* _Aim of the task_:
Give again, exactly and only, the lines running from the one with "Ce kit de sécurité" to the end of the material below; leave out pictures.

* _Data segment_:
== Segment start ==

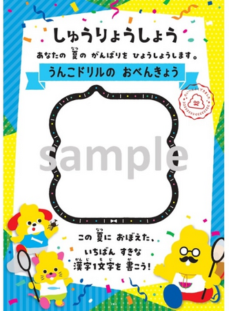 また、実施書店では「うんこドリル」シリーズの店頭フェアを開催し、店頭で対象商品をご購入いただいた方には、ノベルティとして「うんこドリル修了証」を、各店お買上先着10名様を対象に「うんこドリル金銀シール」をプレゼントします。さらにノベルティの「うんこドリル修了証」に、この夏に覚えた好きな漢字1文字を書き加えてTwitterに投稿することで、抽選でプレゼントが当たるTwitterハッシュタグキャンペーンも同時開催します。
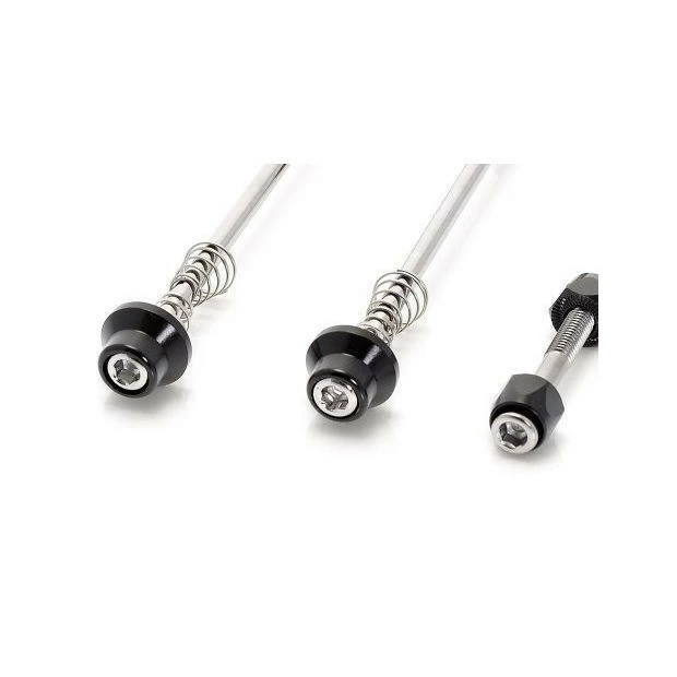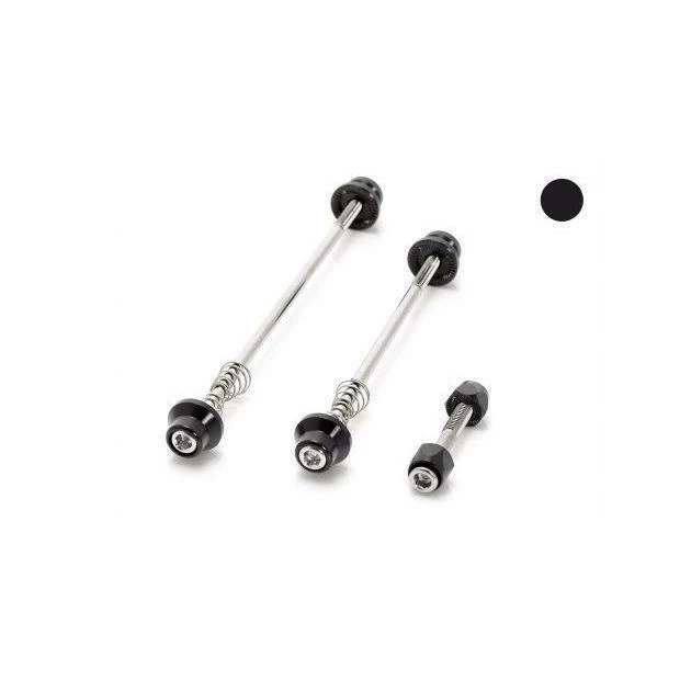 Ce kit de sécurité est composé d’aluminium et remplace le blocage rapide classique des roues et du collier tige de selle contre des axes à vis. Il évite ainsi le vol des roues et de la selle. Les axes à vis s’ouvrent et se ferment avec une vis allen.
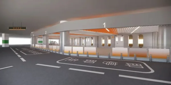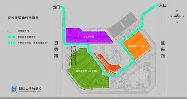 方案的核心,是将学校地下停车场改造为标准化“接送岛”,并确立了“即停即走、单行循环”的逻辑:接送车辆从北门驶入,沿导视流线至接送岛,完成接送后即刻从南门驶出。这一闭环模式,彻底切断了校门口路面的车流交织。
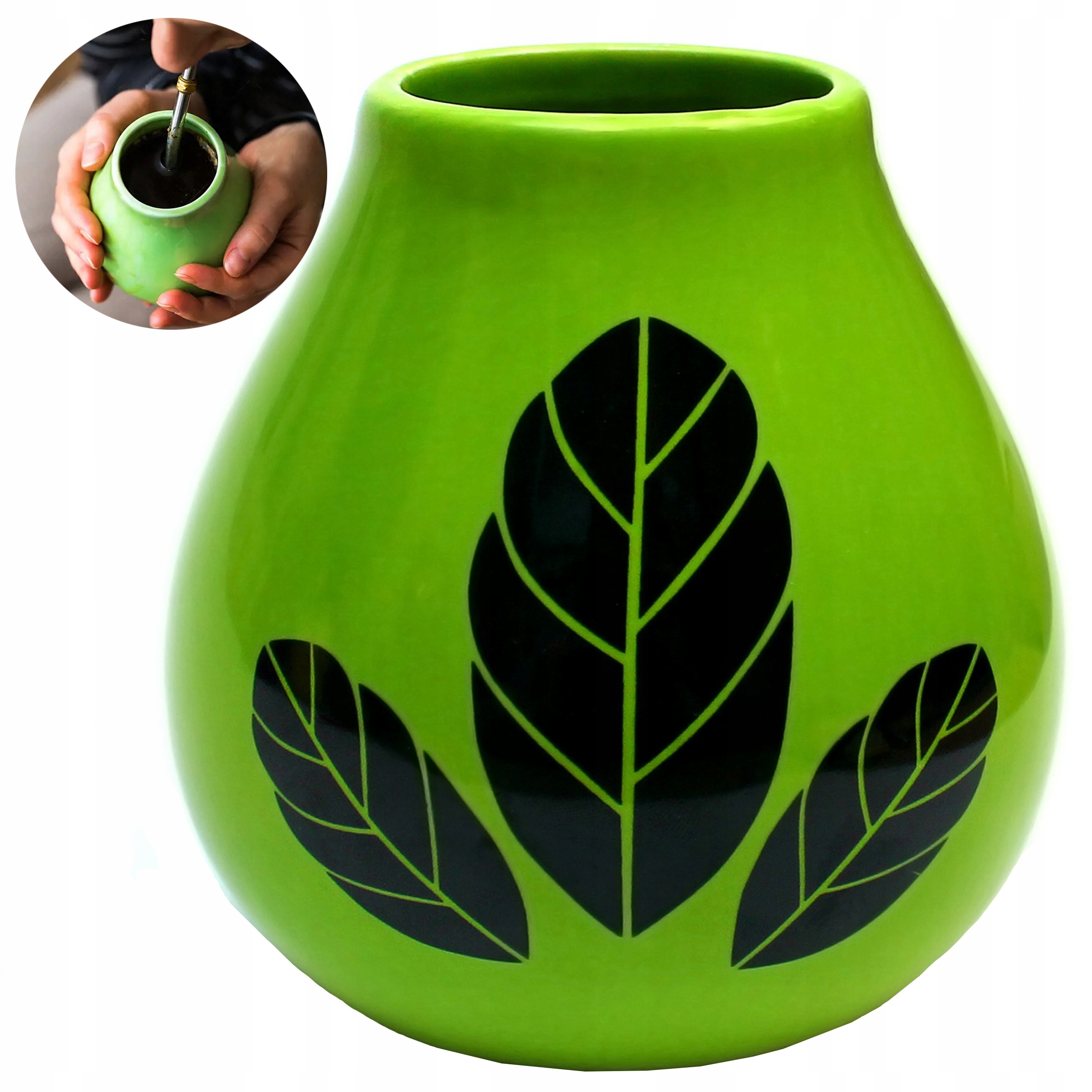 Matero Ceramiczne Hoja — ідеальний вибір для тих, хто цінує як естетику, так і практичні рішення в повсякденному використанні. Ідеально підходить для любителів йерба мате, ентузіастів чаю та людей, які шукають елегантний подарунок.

== Segment end ==

* _Final answer_:
 Ce kit de sécurité est composé d’aluminium et remplace le blocage rapide classique des roues et du collier tige de selle contre des axes à vis. Il évite ainsi le vol des roues et de la selle. Les axes à vis s’ouvrent et se ferment avec une vis allen.
 方案的核心,是将学校地下停车场改造为标准化“接送岛”,并确立了“即停即走、单行循环”的逻辑:接送车辆从北门驶入,沿导视流线至接送岛,完成接送后即刻从南门驶出。这一闭环模式,彻底切断了校门口路面的车流交织。
 Matero Ceramiczne Hoja — ідеальний вибір для тих, хто цінує як естетику, так і практичні рішення в повсякденному використанні. Ідеально підходить для любителів йерба мате, ентузіастів чаю та людей, які шукають елегантний подарунок.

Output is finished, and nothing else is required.